Page 9 of Ecotopia


  Americans are familiar with rumors of sexual depravity in Ecotopia, but I must report that the sexual practices of these families seem about as stable as ours. Generally there are more or less permanent heterosexual couples involved—though both male and female homosexual couples also exist, and I gather that same-sex relationships pose less of a problem psychologically than they do with us. Monogamy is not an officially proclaimed value, but the couples are generally monogamous (except for four holidays each year, at the solstices and equinoxes, when sexual promiscuity is widespread.) Single members of the families often take up with lovers from outside, and sometimes this results in the addition or subtraction of a family member. There seems to be a continual slow shifting of membership, probably something like what must have happened with our “extended families” a few generations back.

  I have made extensive inquiries about Ecotopian attitudes on the kind of eugenic population planning which has been discussed so passionately in the U.S.—either the aiding of natural selection by deliberate breeding, or farther-out possibilities such as cloning, whereby actual genetic duplicates of superior individuals might be produced, or even modification of gene structures to produce a race of supermen. However, no Ecotopian scientist or citizen has been willing to discuss such matters, which they view with great distaste. Nor, when I have ventured the hypothesis that man may be only a “missing link” between the apes and a later, superior humanity, have I obtained any response except condescending incredulity.

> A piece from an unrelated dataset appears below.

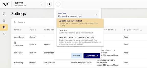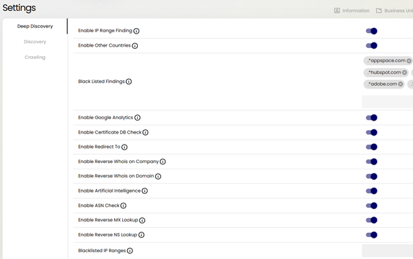 - Deep Discovery – a more dynamic scan exploring everything related to your company, giving you a broader view of your digital footprint.

Their reluctance to enter into such speculations may show the extent to which Ecotopians have blinded themselves to the exciting possibilities offered by modern scientific advances. But it also shows that they are more willing than we to live with the biological constitutions we now possess.

  * * *

  (May 21) Everybody suddenly glued to TV sets. Ecotopian monitor systems, which seem to be extremely sophisticated for both nuclear and general pollution, have detected a sudden increase in the radiation level of air blowing in from the Pacific. Cause still unknown. Much speculation, on the streets and in media: Chinese nuclear blast gone out of control? Accident in a Japanese fission plant? Conflict on the Chinese-Russian border? Nuclear submarine accident offshore? People anxious, depressed, angry. They turn in a crisis to the TV, which they watch in tense groups, but not in the passive, dependent fashion of Americans—they actually shout at it, and the switchboards are flooded with picturephone callers. Vera Allwen and her foreign minister were obliged to appear within an hour and on the defensive, answering angry citizens who put pointed, difficult questions about why their government can’t do anything. (Also hotheads who think commando teams should be sent to disable plants in Japan, China, Siberia which emit wastes into air or sea!) Allwen says she is preparing a stiff protest to whoever turns out to be responsible. Meanwhile Ecotopian ships and agents are on a crash program to locate the pollution source. So far dead silence from the U.S. wire services, which are received in Vancouver and relayed here, though our satellite reconnaissance must have spotted what happened.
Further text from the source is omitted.